Write again exactly the lines in the listing below, starting at the line with "Fans of K-pop" and ending at the line with "A bomb shot, depth", both included. Pictures are not copied.

SUPPLIED MATERIAL
______
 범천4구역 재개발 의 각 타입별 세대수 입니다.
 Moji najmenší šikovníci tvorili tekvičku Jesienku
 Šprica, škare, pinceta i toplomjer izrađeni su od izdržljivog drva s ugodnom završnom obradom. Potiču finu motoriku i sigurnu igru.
______
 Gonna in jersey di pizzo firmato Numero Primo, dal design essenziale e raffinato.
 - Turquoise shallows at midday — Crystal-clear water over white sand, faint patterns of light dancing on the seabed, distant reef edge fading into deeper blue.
______
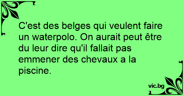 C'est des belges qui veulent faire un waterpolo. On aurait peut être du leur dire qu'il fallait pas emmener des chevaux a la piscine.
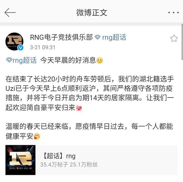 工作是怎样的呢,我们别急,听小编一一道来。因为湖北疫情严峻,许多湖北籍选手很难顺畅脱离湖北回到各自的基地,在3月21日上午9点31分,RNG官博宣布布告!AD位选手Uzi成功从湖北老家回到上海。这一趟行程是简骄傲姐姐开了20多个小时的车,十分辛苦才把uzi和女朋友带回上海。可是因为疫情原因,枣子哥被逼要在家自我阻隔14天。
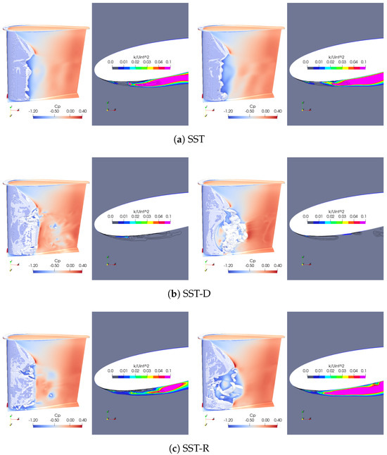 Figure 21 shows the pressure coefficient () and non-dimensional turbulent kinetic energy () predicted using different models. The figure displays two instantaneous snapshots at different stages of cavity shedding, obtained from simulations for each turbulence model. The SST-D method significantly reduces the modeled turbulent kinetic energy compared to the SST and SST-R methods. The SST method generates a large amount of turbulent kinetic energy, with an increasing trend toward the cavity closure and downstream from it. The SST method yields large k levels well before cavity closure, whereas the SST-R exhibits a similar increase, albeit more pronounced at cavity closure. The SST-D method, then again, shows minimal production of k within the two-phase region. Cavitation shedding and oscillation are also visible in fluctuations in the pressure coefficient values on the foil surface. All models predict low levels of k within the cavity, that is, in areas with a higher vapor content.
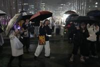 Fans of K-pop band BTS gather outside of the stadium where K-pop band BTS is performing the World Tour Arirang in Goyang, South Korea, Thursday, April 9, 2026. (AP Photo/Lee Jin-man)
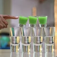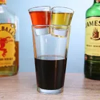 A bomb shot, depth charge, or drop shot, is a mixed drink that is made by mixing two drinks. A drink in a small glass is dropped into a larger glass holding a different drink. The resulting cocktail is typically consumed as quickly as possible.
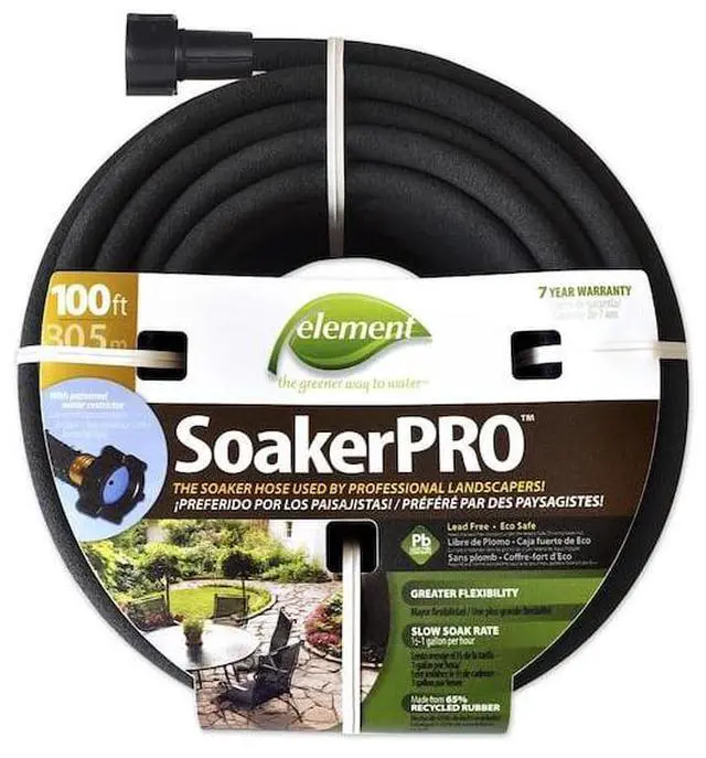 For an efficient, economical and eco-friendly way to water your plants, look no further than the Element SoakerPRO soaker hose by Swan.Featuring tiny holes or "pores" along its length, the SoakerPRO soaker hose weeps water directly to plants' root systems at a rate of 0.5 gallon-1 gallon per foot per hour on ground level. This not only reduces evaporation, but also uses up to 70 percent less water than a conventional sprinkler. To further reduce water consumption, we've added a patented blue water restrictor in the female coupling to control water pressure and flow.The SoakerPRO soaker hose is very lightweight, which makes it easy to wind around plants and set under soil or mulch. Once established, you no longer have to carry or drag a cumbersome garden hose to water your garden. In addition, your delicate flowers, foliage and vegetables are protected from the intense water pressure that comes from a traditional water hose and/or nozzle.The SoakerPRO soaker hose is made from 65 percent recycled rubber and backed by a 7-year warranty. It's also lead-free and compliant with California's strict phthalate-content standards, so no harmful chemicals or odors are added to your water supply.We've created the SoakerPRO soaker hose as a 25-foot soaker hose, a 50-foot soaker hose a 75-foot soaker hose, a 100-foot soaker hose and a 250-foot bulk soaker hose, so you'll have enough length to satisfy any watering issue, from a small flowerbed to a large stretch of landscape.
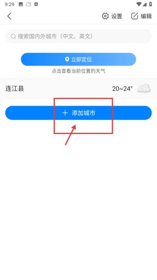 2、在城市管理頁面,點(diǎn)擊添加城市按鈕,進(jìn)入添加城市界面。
______
OUTPUT BELOW
 Fans of K-pop band BTS gather outside of the stadium where K-pop band BTS is performing the World Tour Arirang in Goyang, South Korea, Thursday, April 9, 2026. (AP Photo/Lee Jin-man)
 A bomb shot, depth charge, or drop shot, is a mixed drink that is made by mixing two drinks. A drink in a small glass is dropped into a larger glass holding a different drink. The resulting cocktail is typically consumed as quickly as possible.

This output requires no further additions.